And the sudden shrinking, sick feeling that she, somehow, is this mysterious cliff he can't topple over.
Can't doesn't make sense. None of it makes sense, and she's staring at him in outright surprise, feeling blank, like an interruption made human, the space between, white noise and static. And if can't doesn't make sense, the last words don't even register as English. She has to shake herself a little, just to be sure she heard them.
"There's..." Blinking. Befuddled. Dropped suddenly into cold water, sparking, electric flirtation smothered with a damp rag. "What?"

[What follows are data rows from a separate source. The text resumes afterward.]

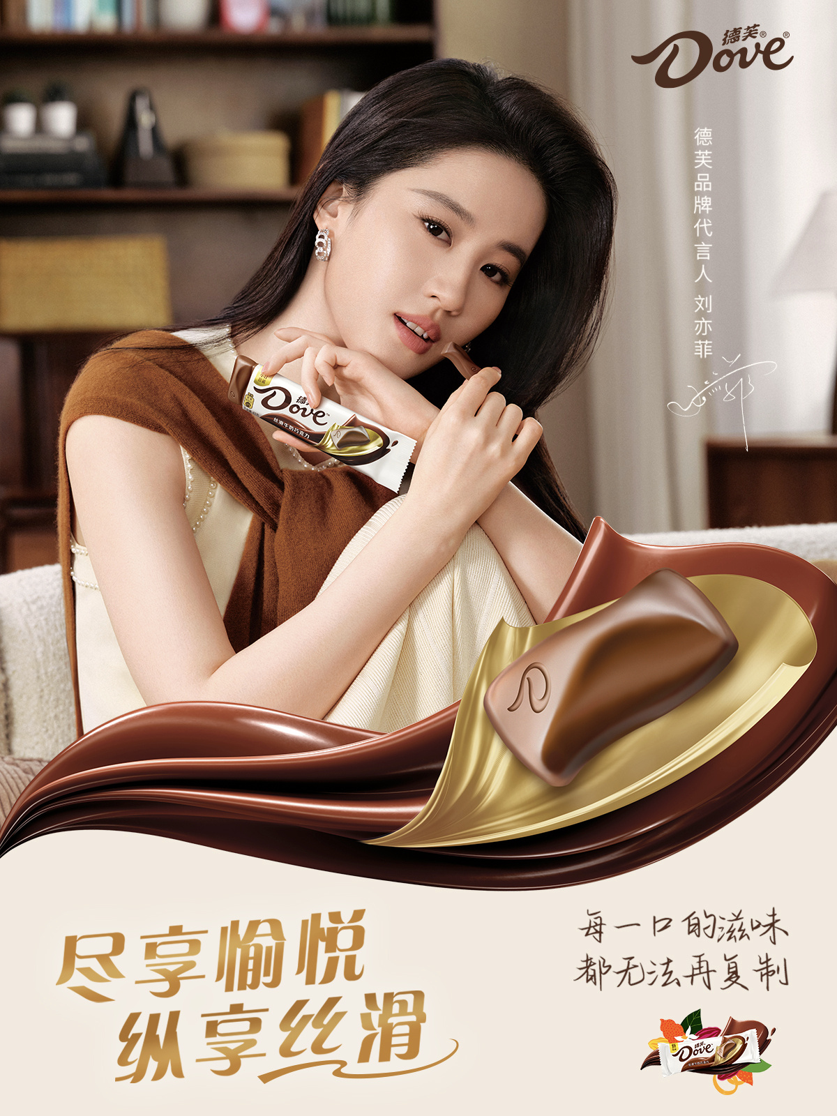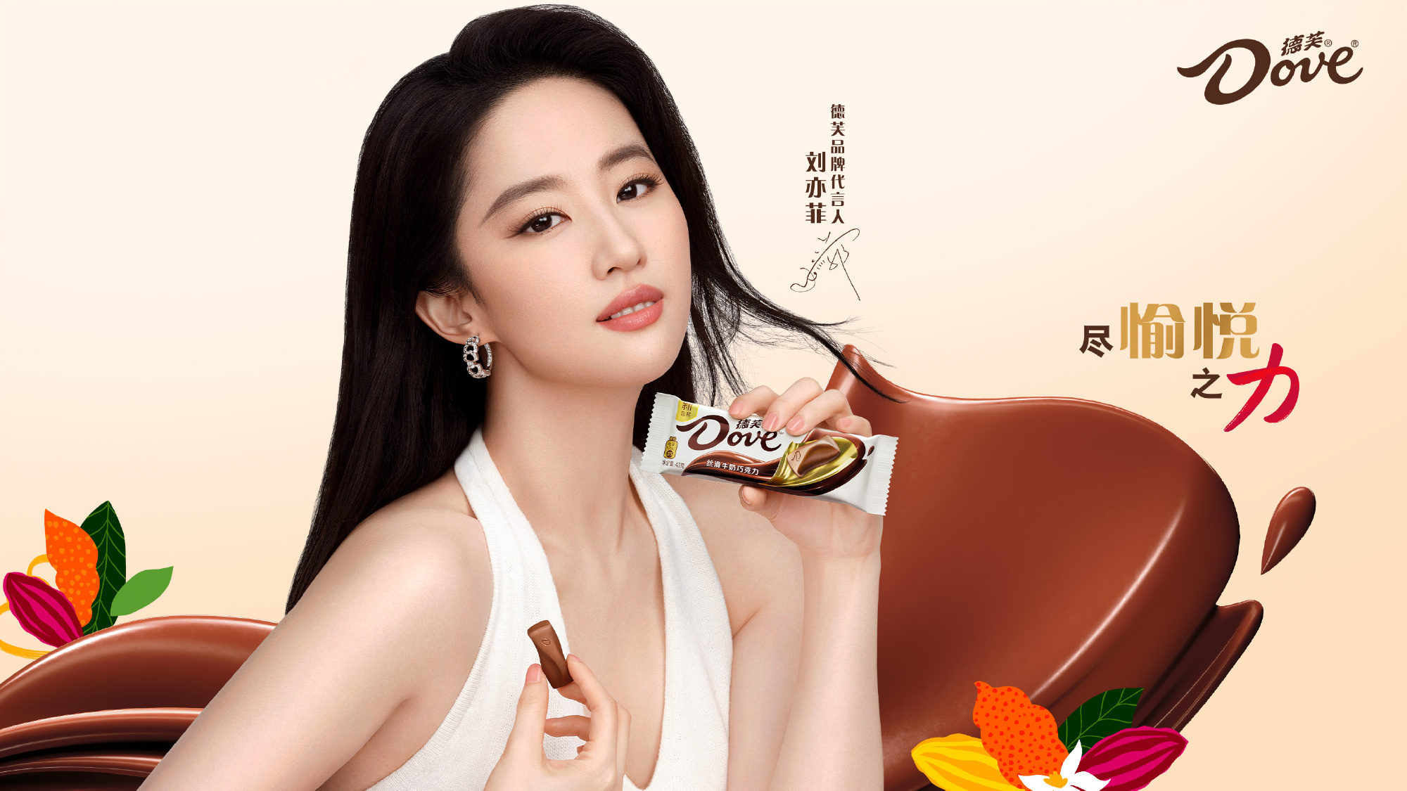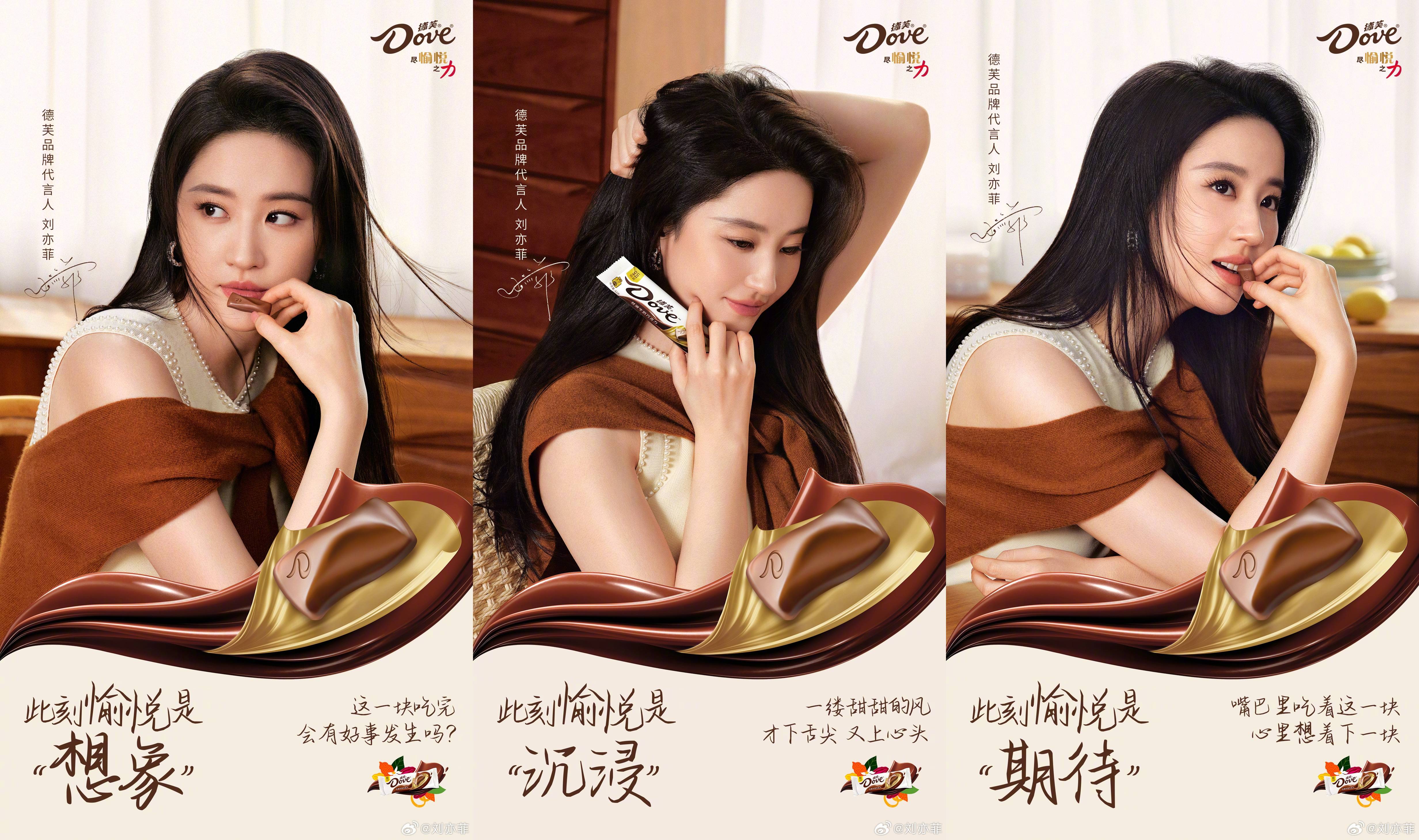 德芙官宣劉亦菲(明星經紀公司)為新晉品牌代言人。作為行走的愉悅本悅,「真實」一直是劉亦菲身上最為醒目的標簽,正是看重這份真實感,德芙選擇將劉亦菲作為德芙女孩代表,鼓勵所有人與其一同開啟真實悅己的每時每刻,悅納自己每一秒的真實情緒,縱享絲滑。
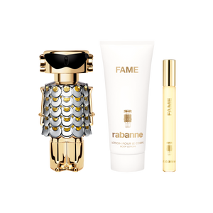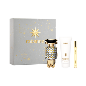 La Maison Rabanne ilumina tus fiestas. Entra en un mundo resplandeciente con este deslumbrante estuche metálico inspirado en el diseño icónico de la Maison Rabanne. Descubre Fame Eau de Parfum 80ml, su loción corporal 100ml y su Megavaporizador 10ml. Quintaesencia del lujo vanguardista, FAME EDP combina la pureza excepcional del jazmín con el suculento mango y el sensual incienso cremoso.
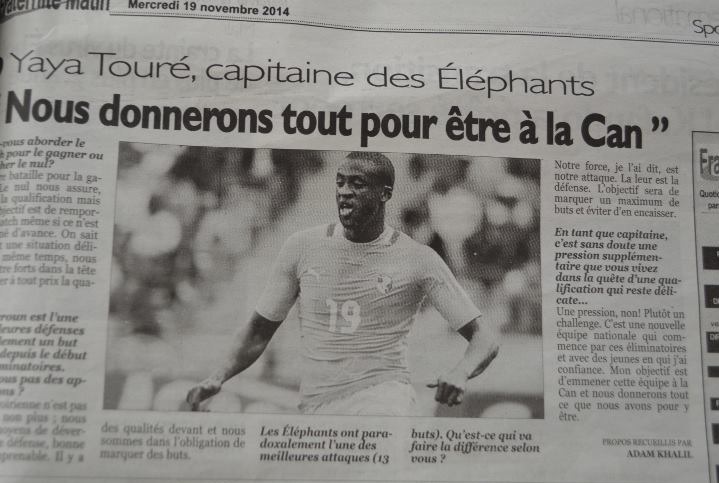 La fièvre monte à Abidjan. A quelques heures du début de la rencontre entre la Côte d’Ivoire le Cameroun, chacun y va de son pronostic. Chacun a sa petite idée et le capitaine des éléphants n’est pas en reste. Dans Fraternité Matin, Yaya Touré insiste : « nous donnerons tout pour être à la CAN »
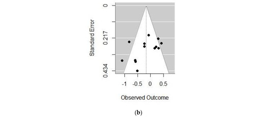 (a) Forest plot meta-analysis comparing the best corrected visual acuities (BCVAs) at last follow-up between Yamane versus sutured scleral fixation. Each study is shown by the last name of the first author and the mean difference (MD) with 95% confidence interval (CI) [5,20,21,22,23,24,25,26,27,28,29,30,31]. The summary mean difference and 95% CI are also shown (according to random-effect estimations). For subgroup analysis, studies are separated by single surgeon, multiple surgeons, or unspecified number of surgeons. (b) Funnel plot of the studies included in the meta-analysis. IV = inverse variance; SD = standard deviation.
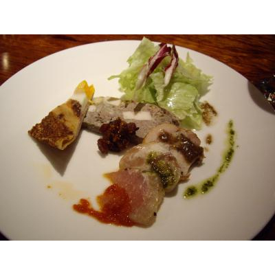 デザートみたいに軽くて、甘く溶ける感じのフォアグラのムースに始まり、ホタテときのこのテリーヌ、ムール貝のグラタン、人参・カニ・カリフラワーの前菜、それから豚足、自家製生ハム、ポークの詰め物、ガレット、 メインは、マダイ、ソイ、アマダイ。どの魚も、ふんわりとその新鮮さが分かる日の入れ具合で一切れ一切れが、美味しかったです。
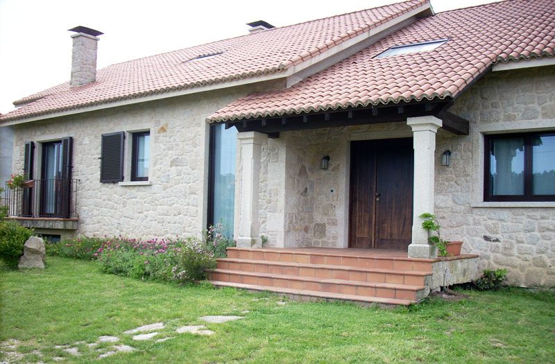 Es una tradicional casa de piedra con un gran porche de madera que mira hacia la Ría de Arousa y a la Sierra del Barbanza.
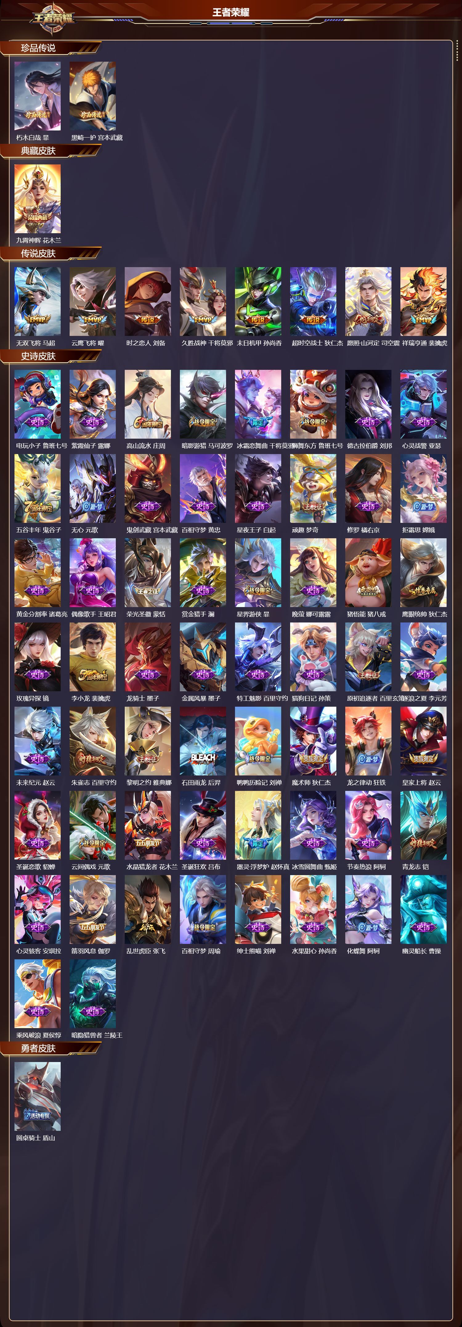 安卓QQ/至尊星耀/222皮肤/125英雄/1典藏/0珍品无双/0无双/2珍品传说/8传说/58史诗
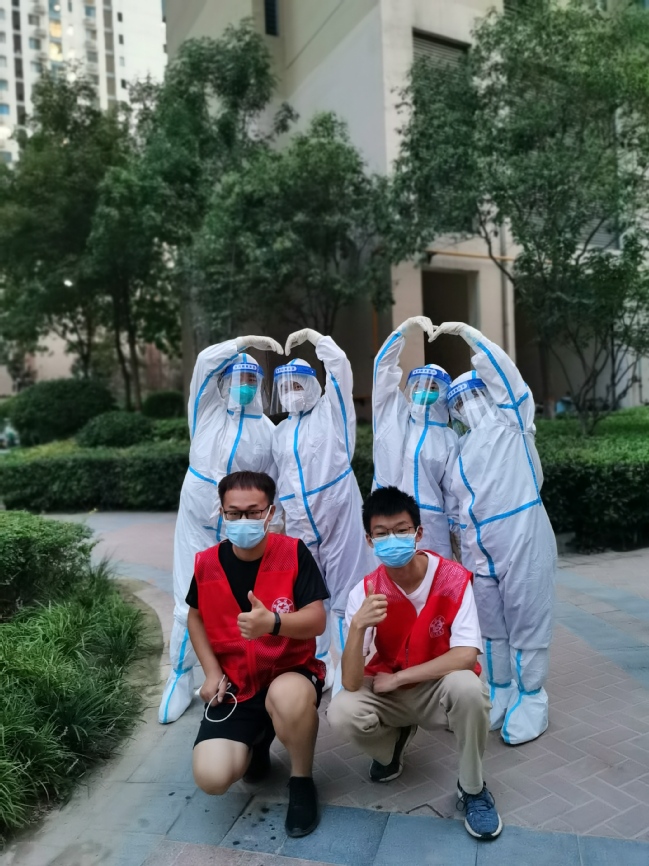 “涝疫结合”中的旅游学子宋壮壮(前排左一)
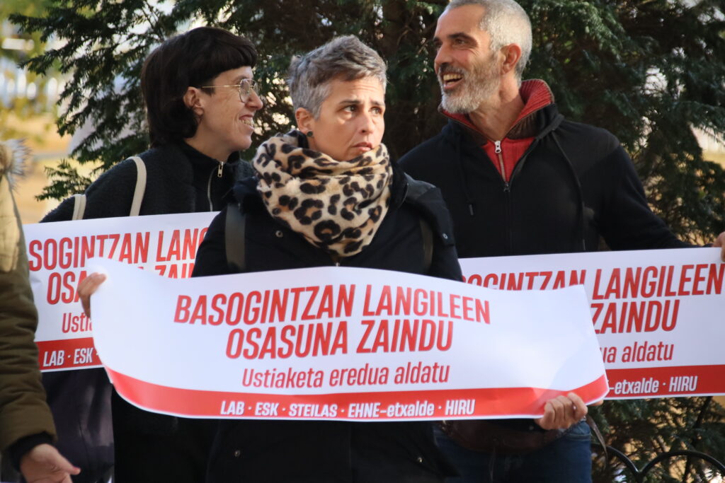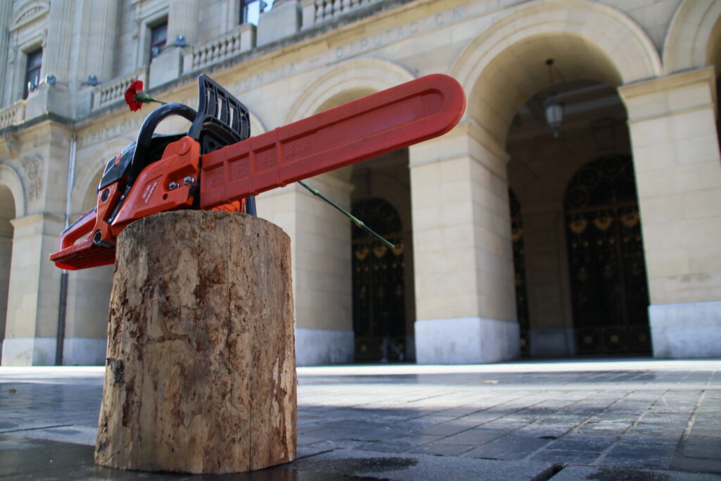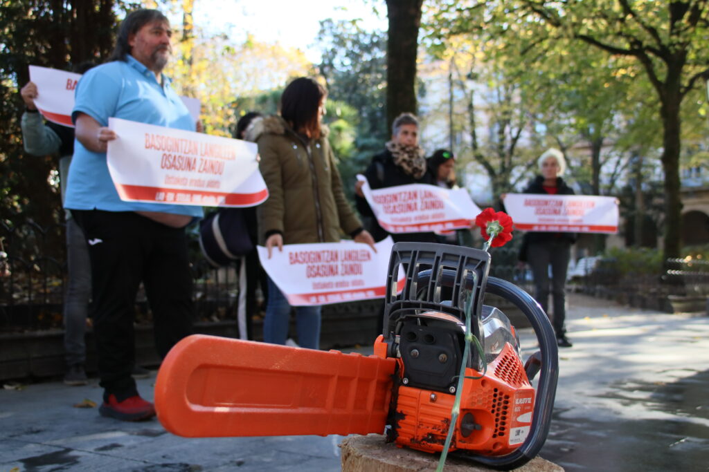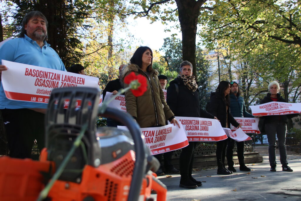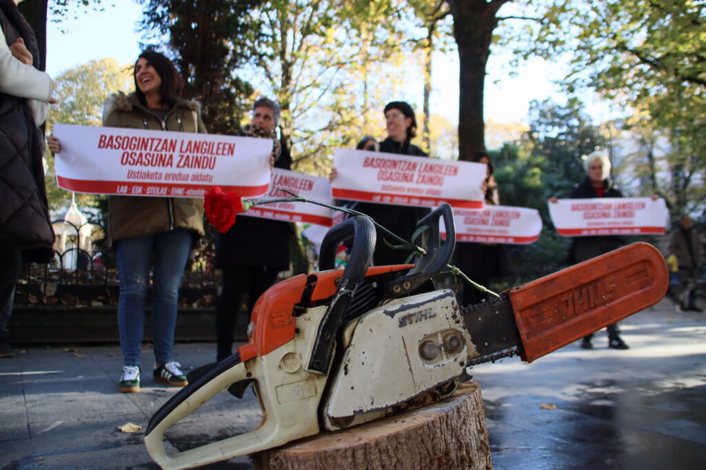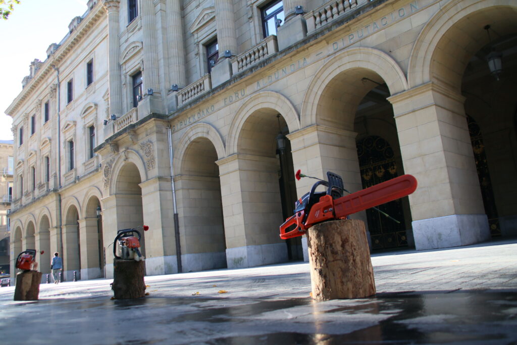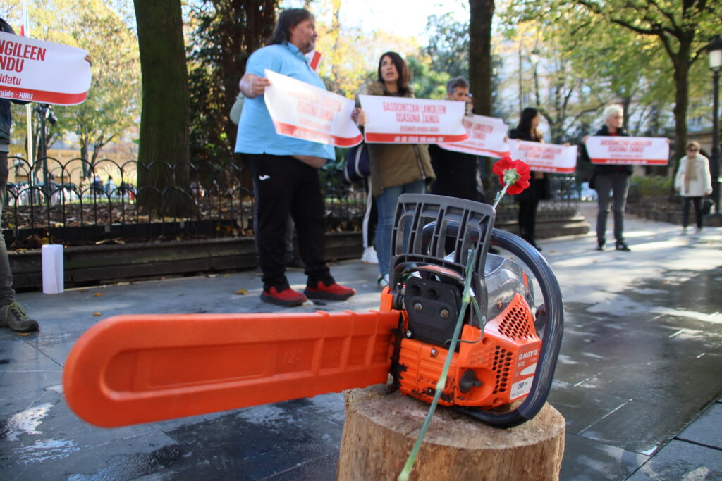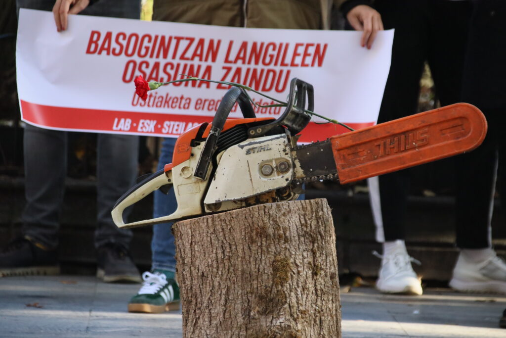 LAB, ESK, STEILAS, EHNE-etxalde e HIRU nos hemos movilizado hoy frente a la sede de la Diputación Foral de Gipuzkoa en Donostia con 3 troncos y otras tantas motosierras y claveles para denunciar las 3 muertes ocurridas en el sector forestal en lo que va de año. Asimismo, han registrado un escrito en las Diputaciones de Bizkaia y Gipuzkoa y en las Juntas Generales de ambos territorios, reclamando cuidar la salud de las y los trabajadores forestales y un cambio de modelo de explotación intensivo.
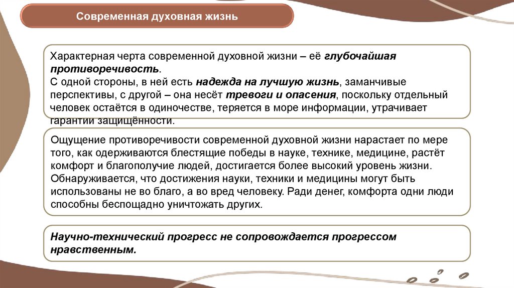 Современная духовная жизньХарактерная черта современной духовной жизни – её глубочайшая
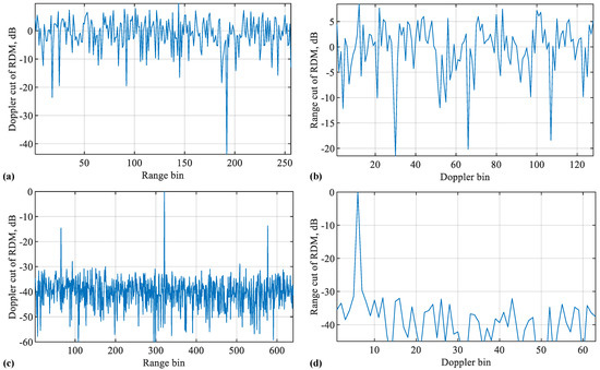 Figure 2 plots the range and Doppler cuts of the RDMs obtained in Figure 1. Given the sample delay , the range bin (in the sensing receiver, each OFDM symbol is uniformly sampled. Each of the sampling times represents a different range increment and is often referred to as a range bin [39]) index for USF is L (starting from one here to comply with MATLAB). For COS, since the overall number of samples along the range bin is N, smaller than L, a modulo-N of L, i.e., here, is taken as the range bin index for COS. The Doppler bin (similar to the range bin, the DFT of OFDM symbols at the same range bin leads to the Doppler domain. Each discretisation grid in the Doppler domain is termed as a Doppler bin) index can be calculated as , where rounds the enclosed term, “” is because the index starts from one, for COS, and . Here, is the number of columns of obtained in Step 1 of Algorithm 1. According to Definition 1, we have .

Too baffled even to be hurt. There's never been someone else. Never. Not a someone else who leads to can't. There have been people, over the years. Here and there. She doesn't ask a lot of questions, and neither does he, but there are months or sometimes a year or more where they don't see each other, and it's not like they spend that time in solitary confinement. There are men and women. There's companionship and good times. There has, occasionally, even been a boyfriend or two serious enough that she's called things off, though usually gone by the next time they meet.
But Steve? Steve has never. Not since she's known him. Not even her, back when that was what she wanted from him, and that's a mean, jealous little dig that's beneath her, twisting there in her stomach, so she ignores it, in favor of staring at Steve like him sprouting a second head or a third arm would be less surprising, because it is. "You are..." Floundering, picking up words like pebbles and dropping them through numb fingers again.
"You're seeing someone? Like actually, seriously, seeing someone?"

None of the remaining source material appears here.